Historische misvattingen edit

Amerikaanse historiografie van introspectie wordt volgens sommige auteurs gedomineerd door drie misvattingen. In het bijzonder, historici van de psychologie hebben de neiging om te stellen 1) dat introspectie ooit was de dominante methode van psychologisch onderzoek, 2) dat behaviorisme, en in het bijzonder John B., Watson, is verantwoordelijk voor het in diskrediet brengen van introspectie als een geldige methode, en 3) dat de wetenschappelijke psychologie volledig verlaten introspectie als gevolg van die kritiek. Toch is introspectie niet de dominante methode geweest. Er wordt aangenomen dat dit zo is omdat Edward Titchener ’s student Edwin G. Boring, in zijn invloedrijke historische verslagen van de experimentele psychologie, Titchener’ s opvattingen bevoorrecht terwijl hij weinig krediet gaf aan originele bronnen., Introspectie is bekritiseerd door vele andere psychologen, waaronder Wilhelm Wundt, en Knight Dunlap die in zijn artikel “The Case Against Introspection” een argument tegen zelfobservatie presenteert dat niet primair geworteld is in behavioristische epistemologie. Introspectie wordt nog steeds veel gebruikt in de psychologie, maar onder verschillende namen, zoals zelfrapportage enquãates, interviews en fMRI ‘ s. Het is niet de methode, maar eerder de naam die is geschrapt uit de dominante psychologische woordenschat.,

recente ontwikkelingenedit

zie ook: introspectie illusie

ten dele als gevolg van Titchener ‘ s verkeerde voorstelling, nam het gebruik van introspectie af na zijn dood en de daaropvolgende afname van het structuralisme. Latere psychologische bewegingen, zoals functionalisme en behaviorisme, verwierpen introspectie vanwege het gebrek aan wetenschappelijke betrouwbaarheid onder andere.

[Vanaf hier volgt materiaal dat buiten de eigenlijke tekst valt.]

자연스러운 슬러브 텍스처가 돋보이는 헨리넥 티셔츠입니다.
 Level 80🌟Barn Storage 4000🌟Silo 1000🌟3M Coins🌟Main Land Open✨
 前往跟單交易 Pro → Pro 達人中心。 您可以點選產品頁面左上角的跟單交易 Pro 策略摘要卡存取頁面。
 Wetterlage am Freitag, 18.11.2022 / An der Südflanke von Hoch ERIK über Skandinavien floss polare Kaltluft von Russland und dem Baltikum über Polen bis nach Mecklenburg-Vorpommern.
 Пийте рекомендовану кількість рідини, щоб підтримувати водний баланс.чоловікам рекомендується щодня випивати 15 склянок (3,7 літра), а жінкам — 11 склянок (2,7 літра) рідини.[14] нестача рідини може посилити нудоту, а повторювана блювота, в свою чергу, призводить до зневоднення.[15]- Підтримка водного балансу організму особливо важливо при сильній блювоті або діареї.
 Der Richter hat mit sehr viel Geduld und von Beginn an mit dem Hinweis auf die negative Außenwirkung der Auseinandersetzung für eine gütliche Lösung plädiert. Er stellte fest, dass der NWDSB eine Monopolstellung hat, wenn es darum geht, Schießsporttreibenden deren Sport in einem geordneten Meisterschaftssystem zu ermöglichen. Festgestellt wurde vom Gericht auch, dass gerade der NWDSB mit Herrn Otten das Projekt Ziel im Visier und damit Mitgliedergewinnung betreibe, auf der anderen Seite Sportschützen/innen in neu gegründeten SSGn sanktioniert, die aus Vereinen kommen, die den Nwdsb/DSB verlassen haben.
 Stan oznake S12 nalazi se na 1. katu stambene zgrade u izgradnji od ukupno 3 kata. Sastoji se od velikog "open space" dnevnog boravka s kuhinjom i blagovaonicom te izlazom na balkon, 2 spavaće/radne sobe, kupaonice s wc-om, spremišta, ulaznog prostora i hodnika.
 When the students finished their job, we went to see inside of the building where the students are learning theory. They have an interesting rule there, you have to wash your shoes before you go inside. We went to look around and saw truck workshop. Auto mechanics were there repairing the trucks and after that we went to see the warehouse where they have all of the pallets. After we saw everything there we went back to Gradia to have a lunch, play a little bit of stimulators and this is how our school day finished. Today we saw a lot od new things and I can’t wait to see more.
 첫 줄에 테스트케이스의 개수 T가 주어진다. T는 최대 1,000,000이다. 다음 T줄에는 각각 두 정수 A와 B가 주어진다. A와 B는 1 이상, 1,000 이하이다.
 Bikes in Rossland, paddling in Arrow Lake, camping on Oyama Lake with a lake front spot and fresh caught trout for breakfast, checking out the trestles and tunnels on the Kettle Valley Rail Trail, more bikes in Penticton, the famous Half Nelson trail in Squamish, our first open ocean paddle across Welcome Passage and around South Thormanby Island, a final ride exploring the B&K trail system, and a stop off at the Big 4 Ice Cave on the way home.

Het functionalisme ontstond oorspronkelijk in directe tegenstelling tot het structuralisme, waarbij het zijn beperkte focus op de elementen van het bewustzijn tegensprak en de nadruk legde op het doel van het bewustzijn en ander psychologisch gedrag., Behaviorism ’s bezwaar tegen introspectie richtte zich veel meer op zijn onbetrouwbaarheid en subjectiviteit die conflicteerde met behaviorism’ s focus op meetbaar gedrag.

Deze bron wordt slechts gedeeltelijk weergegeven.